Bigby's eyebrow raised in surprise, which did nothing to subdue the man's humor. Underneath the roar of the man's laughter, Bigby heard the soft but angry click of heels worn by a woman on a mission.
Fuck. He looked up at the brick buildings flanking the alleyway and saw a curtain hurriedly pulled across a dirty window. Shit head snitch.
"Bigby!"
The man's laughter subsided. "Bigby? What kind of name is that, bub?" He laughed again.
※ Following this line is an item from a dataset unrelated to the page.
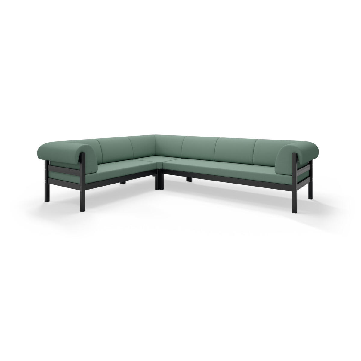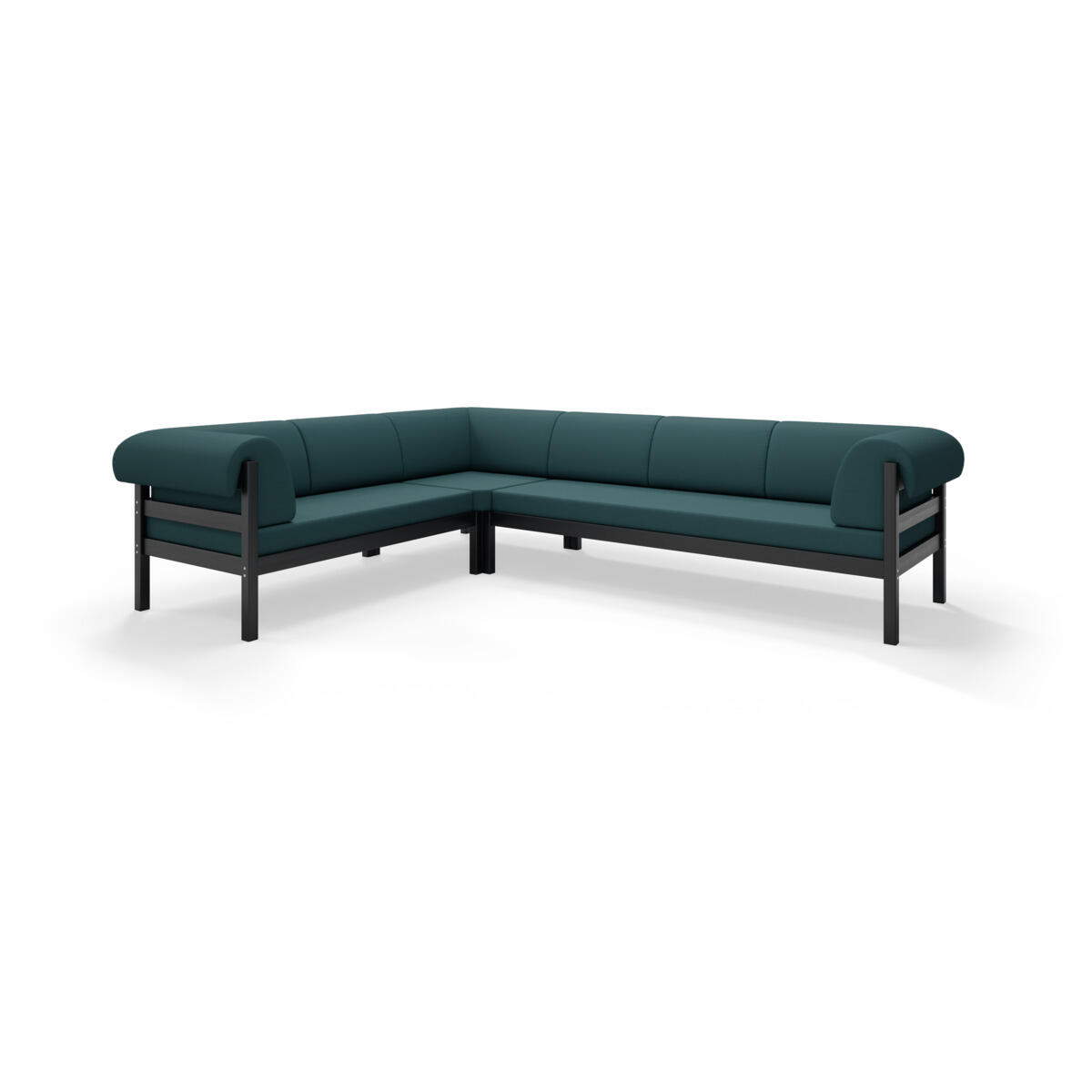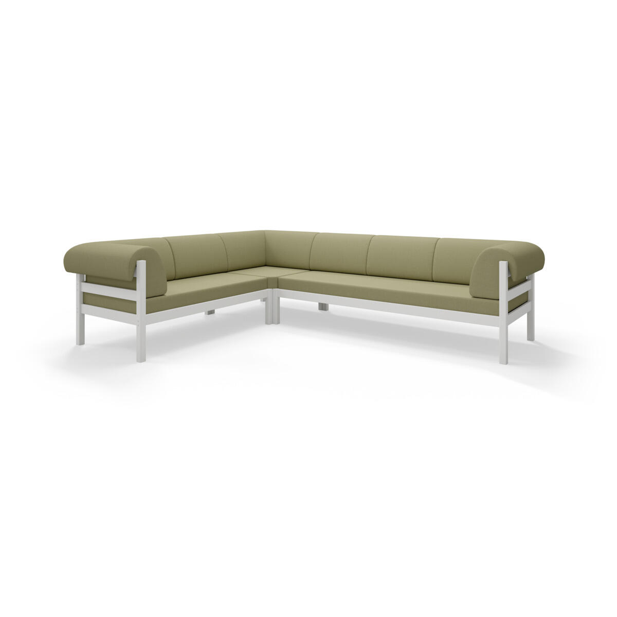 En moderne og tidløs hjørnesofa med et enkelt design som passer inn i de fleste miljøer. Treramme med nozag-understell og polstring av kaldskum. Understell i pulverlakkert metall. Avtakbart trekk på rygg- og sitteputer.

"Bigby Wolf! What the hell is going on?" Snow stood angrily at the mouth of the alley, her tightly clenched fists resting on her hips, though she found herself wishing they were tightly clenched around someone's throat. She didn't have time for this nonsense. Why couldn't the Fables just keep it together for one single day? Her eyes widened when she noticed the other man's numerous knives. Noticing her expression, he retracted his claws and looked at Bigby with amusement. Nearly shame faced at Snow's chastisement, Bigby's wolfish features diminished until he appeared entirely human again.
The man in the flannel's brow had been deeply furrowed in thought. "Bigby Wolf..." he muttered. "Bigby Wolf… Bigby Wolf…" The volume of his voice rose with realization. "Big Bad Wolf…" He looked up in surprise. "Are you shitting me? Are you the Big Bad Wolf? You think I'm just going to believe that?"
Bigby shrugged, amused. A slight smile crossed his tired face until he saw Snow's expression of concern and confusion. "Let's sort this out at the business office. But first, what's your name?"
The shorter man shook his head in humored amazement. "What a fucking crazy day. The name's Logan."